Most people get into sports writing because they are captivated by people and teams who win championships, by the bright lights and vivid personalities of the sports world. And how many professions afford the thrill of being threatened by naked 300-pound men while on deadline?

Young sportswriters envision themselves chronicling a great team, analyzing the mystical abilities of a coach and the cohesiveness of disparate players. Sports writing promises drama, travel, the chance to write the first draft of sports history. And free hot dogs.

So while sports writers often are referred to as "negative," this is often because of our severe disappointment at being saddled with front-row seats to the woeful and dysfunctional.

Yes, this is about the Timberwolves.

This will not be an attempt at objective analysis. This will be from the heart, and the gut -- meaning my heartburn and my upset stomach, caused by watching the Wolves lose again on Monday.

I want the Timberwolves to become relevant again. I want them to fill Target Center on cold winter nights. If the Twins are to host our six-month summer barbecues, I want the Wolves to throw the indoor after-party.

I've never seen Minneapolis thrive the way it did last summer, when a Tuesday night game against the Royals could fill every bar and restaurant within walking distance of the ballpark. I want to see Minneapolis buzz all winter, too.

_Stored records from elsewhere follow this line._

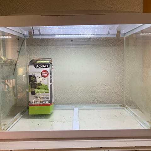 Der kan være lidt kalkpletter og almindelige brugsspor på glasset. Hvis man vil have det helt pænt, kan man bruge lidt eddike og derefter skylle akvariet grundigt, før det tages i brug. Kalkpletter er helt normale i akvarier og kommer ofte igen efter nogle uger.😬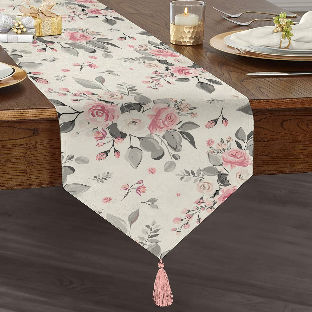 Özel Tasarımlı Püsküllü Üçgen Runner sofralarınıza bambaşka bir hava katın.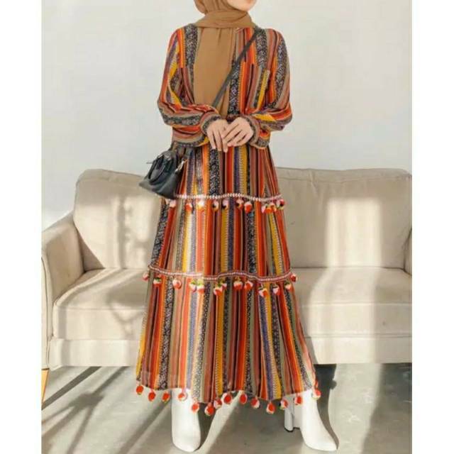 Bohemian Ethnic Printed Women Long Dress Muslim High Waist Slim Long Sleeve Maxi Robe Islamic Clothing Dubai Middle East Fashion

The problem is that the Wolves, after a series of management and coaching changes, and the trade of the best player in franchise history, and loads of high draft choices and dramatic personnel moves, still stink.

I wish this weren't true, but there's no other way to put it. I want to believe that this team is making progress, but every time you think they're throwing you a steak bone, it turns out to be Styrofoam.

I've written that they're better than they were a year ago, and that's both true and disheartening. Because they're far better than they were last year in terms of scoring and athletic ability and intriguing talent, and yet they're still 10-34, headed for 10-36 by Friday night, headed for a finish similar to last year's, when they went 15-67 and begged for patience.

They're better in many ways, but they still fail to play -- or attempt to play -- defense. They still lack basketball intelligence. They still choke in close games. They still, after drafting three first-round point guards and signing two more in the past two years, lack a starting-caliber point guard, and their current backup, Jonny Flynn, seems to lack even one above-average NBA skill.

I wish all of this weren't true. I want to believe that Kevin Love will become not just a statistical freak but the fulcrum of victories; that Michael Beasley will find the kind of internal fire that stokes superstars; that Wes Johnson will become more like his idol, Scottie Pippen; that Kurt Rambis knows what he's doing; that David Kahn is doing more than playing shell games just to stay employed.

We tend to look at the Wolves and hope that a key player or two -- maybe even a reluctant, struggling, 20-year-old from Spain -- will trigger improvement, but if you pay attention to the rest of a league filled with superstars and powerhouse teams, you realize just how far away the Wolves are from contending.

A mediocre Rockets team came to town Monday night without franchise player Yao Ming, and demonstrated a dramatic edge in basketball intelligence over our Wolves. With the underrated Rick Adelman orchestrating offense from the sideline and the basketball genius Shane Battier making everyone around him better (Google this: Battier, Daryl Morey, Michael Lewis, New York Times, and read Lewis' brilliant piece on Battier), the Rockets made the Wolves look slow and stupid all night.

Which is just business-as-usual at Target Center. As someone who wants to cover a relevant NBA team in this town, I fear that the Wolves' losing culture is so pervasive that everyone in the Wolves' organization, from owner Glen Taylor on down, has lost sight of what it takes not only to win, but to function in a competent workplace, that they have all become comfortable with the dubious concept of barely visible, incremental improvement.

There was a strange moment at the end of the first half Monday: Rambis came to mid-court to instruct his defense as the Rockets prepared for the last possession. Love rushed over to him, explaining that he had two fouls and should be pulled from the game.

Rambis didn't react. Love stepped out of bounds, next to Rambis, and pleaded his case, and Rambis finally started screaming "AT!" for backup forward Anthony Tolliver to replace Love.

It wasn't a consequential moment. I'm not even sure what to make of it, except that, as has been the case for the entire Kahn-Rambis era, the Wolves have trouble even pretending they know what they're doing.